Normalize Text with Smart Quotes and Em Dashes for LLM Input

Text copied from word processors, PDFs, and websites often contains Unicode typography characters that look identical to their ASCII equivalents but are encoded differently: smart quotes (“”‘’) instead of straight quotes ("'"), em dashes (—) instead of double hyphens (--), non-breaking spaces (U+00A0) instead of regular spaces, ellipsis characters (…) instead of three dots (...), and various other typographic substitutions. These characters cause subtle failures in string matching, tokenization, and downstream text processing. LLMs tokenize smart quotes and straight quotes differently, which affects token counts and can change how models interpret quoted text in few-shot examples. Non-breaking spaces break word-boundary regex patterns. Em dashes cause tokenization variance across models. Normalizing to ASCII equivalents before sending to an LLM produces more predictable tokenization and makes your prompts behave consistently regardless of where the input text originated.

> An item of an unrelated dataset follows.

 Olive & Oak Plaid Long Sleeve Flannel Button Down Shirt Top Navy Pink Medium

The normalizer converts the full set of Unicode typographic characters to their ASCII equivalents and flags any remaining non-ASCII characters for review. It also collapses multiple spaces, trims leading and trailing whitespace, and normalizes line endings to LF — the three most common whitespace issues in text piped through copy-paste workflows.

Example
The system’s response was “Unexpected error” — which wasn’t helpful at all…

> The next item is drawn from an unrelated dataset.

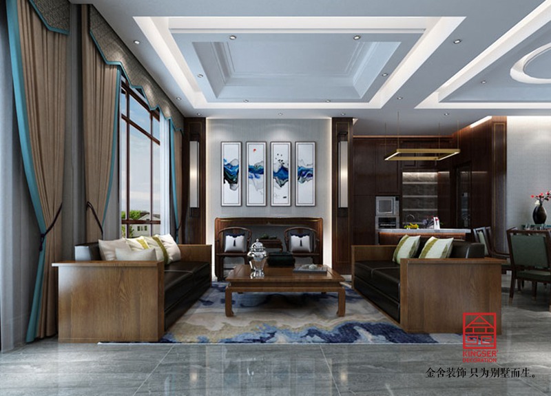 設(shè)計說明:此案例為石家莊金舍裝飾-西山林語303平米中式風(fēng)格裝修效果圖。新中式風(fēng)格將中國傳統(tǒng)文化的元素融入到現(xiàn)代人的生活環(huán)境和審美上的一種新型風(fēng)格,這樣的設(shè)計體現(xiàn)出傳統(tǒng)文化的元素,又能表達(dá)現(xiàn)代人對古典文化的喜愛?,F(xiàn)在越來越多的人開始喜歡這種風(fēng)格的設(shè)計,因為新中式是以現(xiàn)代人的審美需求來打造富有傳統(tǒng)韻味的事物,讓傳統(tǒng)藝術(shù)在當(dāng)今社會上得到合適的體現(xiàn)。開放式的廚房,最大限度提升業(yè)主對生活的熱愛和創(chuàng)想。

Key findings from the Q3 report:
• Revenue increased 12% year-over-year
• Operating costs remained “within budget” per the CFO’s note
• The new feature—launched in July—drove 40% of growth
[ open in AI Text Normalizer → ]

FAQ

Why do smart quotes cause problems in LLM prompts?
Smart quotes are multi-byte UTF-8 characters that tokenize differently from ASCII quotes. In few-shot examples, a smart-quoted string may tokenize into a different number of tokens than the straight-quoted version, confusing the model about the intended pattern.
Does this normalizer affect text in languages other than English?
The normalizer only targets punctuation characters and whitespace — it does not change any alphabetic characters including accented letters and non-Latin scripts. Safe to use on multilingual text.
Should I normalize before or after chunking for RAG?
Normalize before chunking. Consistent characters produce consistent embeddings, which improves retrieval accuracy. Normalizing after chunking can shift chunk boundaries and invalidate cached chunk hashes.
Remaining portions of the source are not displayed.